My initial reaction is that a Unix-y model of contained processes, a content-addressed file system (a cross between git and BitTorrent), and named ports would be simpler. Auth and security are huge problems, and torpedoed my earlier efforts in this direction.
But these aren't fully formed thoughts; the blog post is more specific.
It's not just Kubernetes that's unproductive. This article describes productivity problems with "serverless" (e.g. AWS Lambda).
Here's another feeling, this time from a ~19 year old post by Joel Spolsky. It reminds me of today's cloud.
Think of the history of data access strategies to come out of Microsoft. ODBC, RDO, DAO, ADO, OLEDB, now ADO.NET – All New! Are these technological imperatives? The result of an incompetent design group that needs to reinvent data access every goddamn year? (That’s probably it, actually.) But the end result is just cover fire. The competition has no choice but to spend all their time porting and keeping up, time that they can’t spend writing new features.
Does anyone in 2021 regret not spending more time with OLEDB, much less know what it is?
Likewise, I think Kubernetes will be long forgotten in 2041. It will have been replaced with simpler systems that follow the Perlis-Thompson Principle.
More wisdom from Joel:
Look closely at the software landscape. The companies that do well are the ones who rely least on big companies and don’t have to spend all their cycles catching up and reimplementing and fixing bugs that crop up only on Windows XP.

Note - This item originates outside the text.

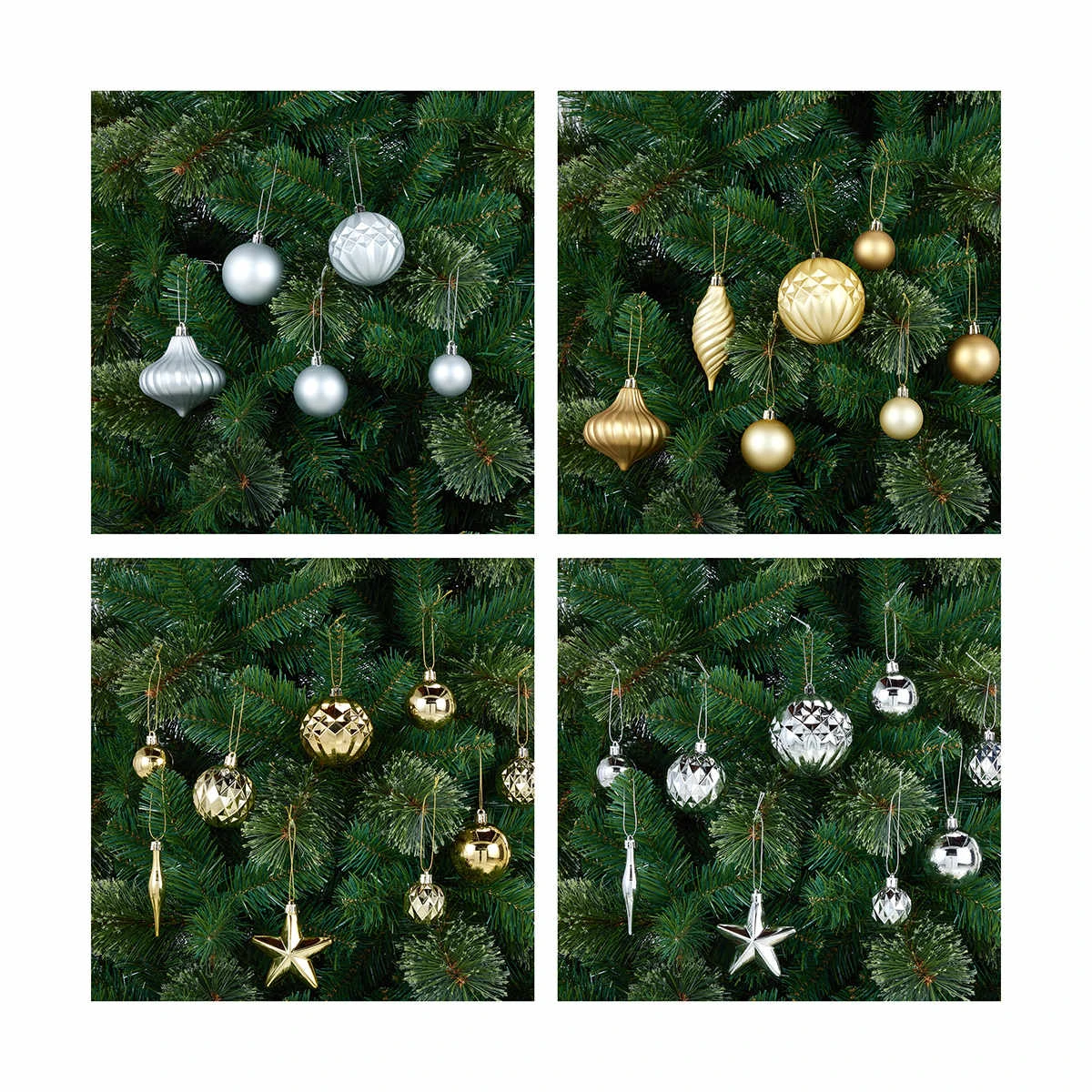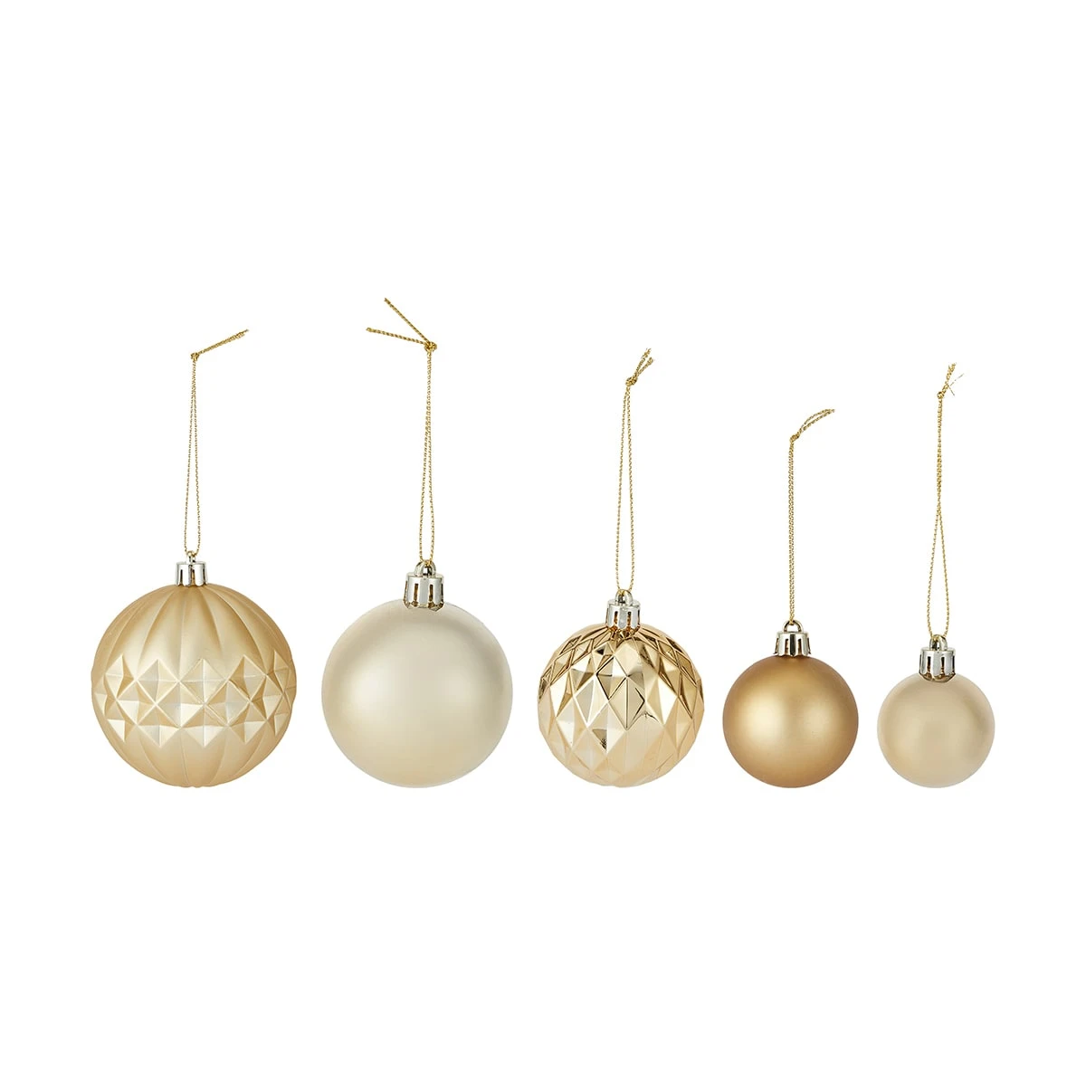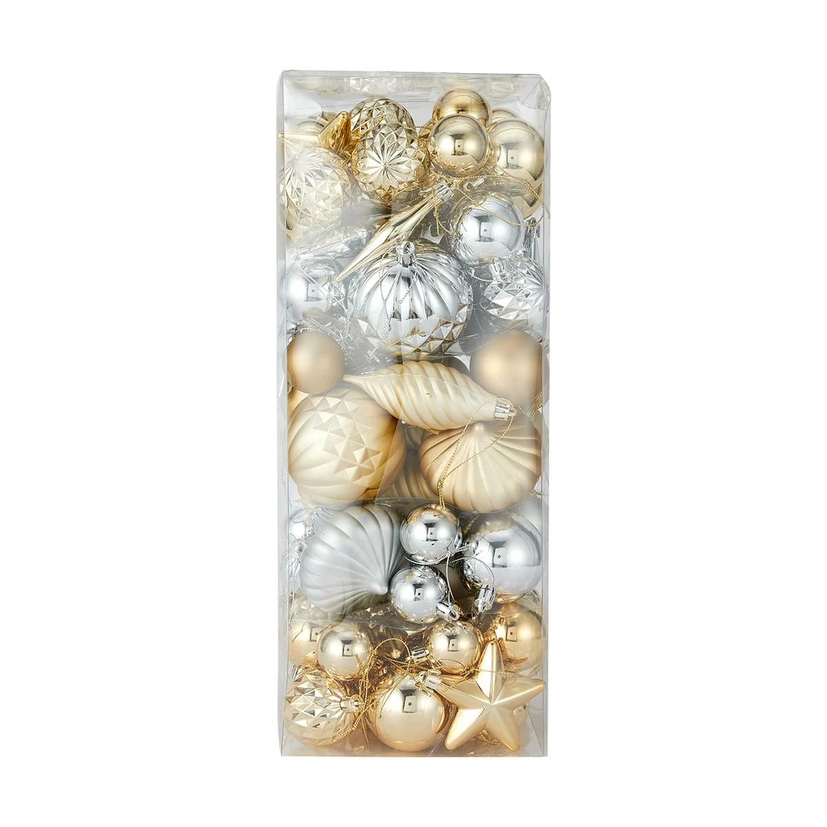 - Includes 32 x 4cm ball, 31 x 5cm ball, 7 x 6cm ball, 2 x 7cm ball, 2 x 8cm ball, 3 x ribbed droplet, 10 x star design, 6 x wide droplet and 7 x long droplet

I would mentally replace "Windows XP" with "Kubernetes" in this quote, and see if it rings true. In other words, our coding efforts should be directed at the problem domain, not on fixing the underlying platform.
Classic Blog Posts by Joel Spolsky. Referencing Joel's post Fire and Motion reminds me that his blog and forum were invaluable early in my career. This post will quote more insightful posts by Joel.
Rich Hickey's Influence. After this recent comment about dynamic languages and "the world", Qi Xiao of Elvish reminded me of that Rich Hickey uses the term "situated programs".
I didn't credit Hickey in that comment, but his ideas definitely influenced me. I want to write another post covering his ideas on language design and systems. I would reference this comment on his talk "Maybe Not".
Oil is very much a language for programs situated in "the world".
I expect to refer to this post in the future. The links and comments are intended to add color on the design of the Oil language and the motivation for the project as a whole.
Let me know whether it was interesting or useful!
Tomorrow, I'll review more posts and comments about #distributed-systems. I expected to write a single Blog Backlog post, but it turned into three!
If you haven't read it already, check out yesterday's post on understanding and using shell.
7/20 Update: I'm saving this thread for later reference. I ask why use Kubernetes for a deployment that seems more like an HPC problem. People with HPC experience chime in on the issues in that domain.